I'm trying to figure out how I would go about converting a couple websites into eBooks for easy reading on my Kindle Paperwhite.

For example, there are two in particular that I would like to convert:

1. Mozilla Developer Network's JavaScript guides:
https://developer.mozilla.org/en-US/docs/Web/JavaScript (all pages on the left panel).

2. Facebook's React Native guide:
https://facebook.github.io/react-nat...d.html#content

I've tried setting up a custom news source within the calibre software, but I get garbled text, presumably from the JavaScript. I also have had trouble keeping the code snippets formatted properly (instead of reduced down to plain text).

Can someone help me set up my scripts to make this work for MDN & FB?

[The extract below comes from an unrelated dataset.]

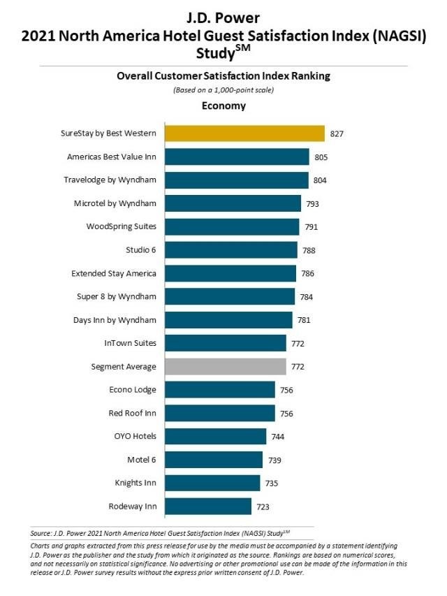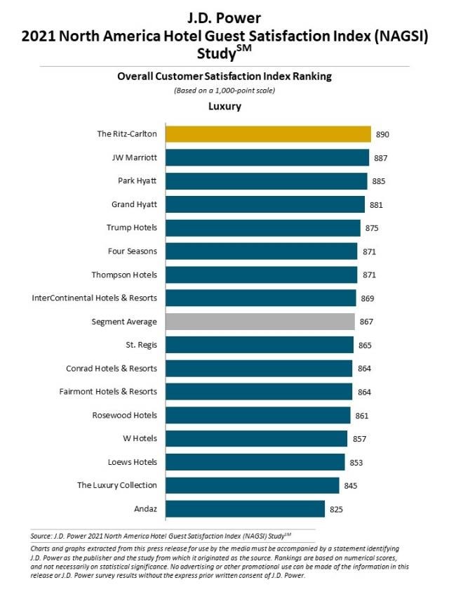 북미 지역 JD Power 호텔 부문 결과(2021년)

I'll include the script for MDN & a part of the output below, so you can see what's happening.

Thanks a lot!

SCRIPT (partial)

#!/usr/bin/env python2
# vim:fileencoding=utf-8
from __future__ import unicode_literals, division, absolute_import, print_function
from calibre.web.feeds.news import BasicNewsRecipe

class AdvancedUserRecipe1436894783(BasicNewsRecipe):
title = 'MDN JavaScript Guide'
oldest_article = 9999
max_articles_per_feed = 100
auto_cleanup = True

feeds = [
('Introduction', 'https://developer.mozilla.org/en-US/docs/Web/JavaScript/Guide/Introduction'),
('Grammar & Types', 'https://developer.mozilla.org/en-US/docs/Web/JavaScript/Guide/Grammar_and_Types'),
('Control flow and error handling', 'https://developer.mozilla.org/en-US/docs/Web/JavaScript/Guide/Control_flow_and_error_handling'),
('Loops and iteration', 'https://developer.mozilla.org/en-US/docs/Web/JavaScript/Guide/Loops_and_iteration'),
('Functions', 'https://developer.mozilla.org/en-US/docs/Web/JavaScript/Guide/Functions'),
('Expressions and operators', 'https://developer.mozilla.org/en-US/docs/Web/JavaScript/Guide/Expressions_and_Operators'),
('Numbers and dates', 'https://developer.mozilla.org/en-US/docs/Web/JavaScript/Guide/Numbers_and_dates'),
('Text formatting', 'https://developer.mozilla.org/en-US/docs/Web/JavaScript/Guide/Text_formatting'),
('Regular Expressions', 'https://developer.mozilla.org/en-US/docs/Web/JavaScript/Guide/Regular_Expressions'),
('Indexed collections', 'https://developer.mozilla.org/en-US/docs/Web/JavaScript/Guide/Indexed_collections'),
('Keyed collections', 'https://developer.mozilla.org/en-US/docs/Web/JavaScript/Guide/Keyed_collections'),
('Working with objects', 'https://developer.mozilla.org/en-US/docs/Web/JavaScript/Guide/Working_with_Objects'),
('Details of the object model', 'https://developer.mozilla.org/en-US/docs/Web/JavaScript/Guide/Details_of_the_Object_Model'),
('Iterators and generators', 'https://developer.mozilla.org/en-US/docs/Web/JavaScript/Guide/Iterators_and_generators'),
('Meta programming', 'https://developer.mozilla.org/en-US/docs/Web/JavaScript/Guide/Meta_programming'),
]

//MORE FEEDS WOULD GO HERE, UNLESS WE COULD AUTOMATE THE DOWNLOAD OF EVERYTHING CONTAINED WITHIN developer.mozilla.org/en-US/docs/Web/JavaScript/



OUTPUT (partial)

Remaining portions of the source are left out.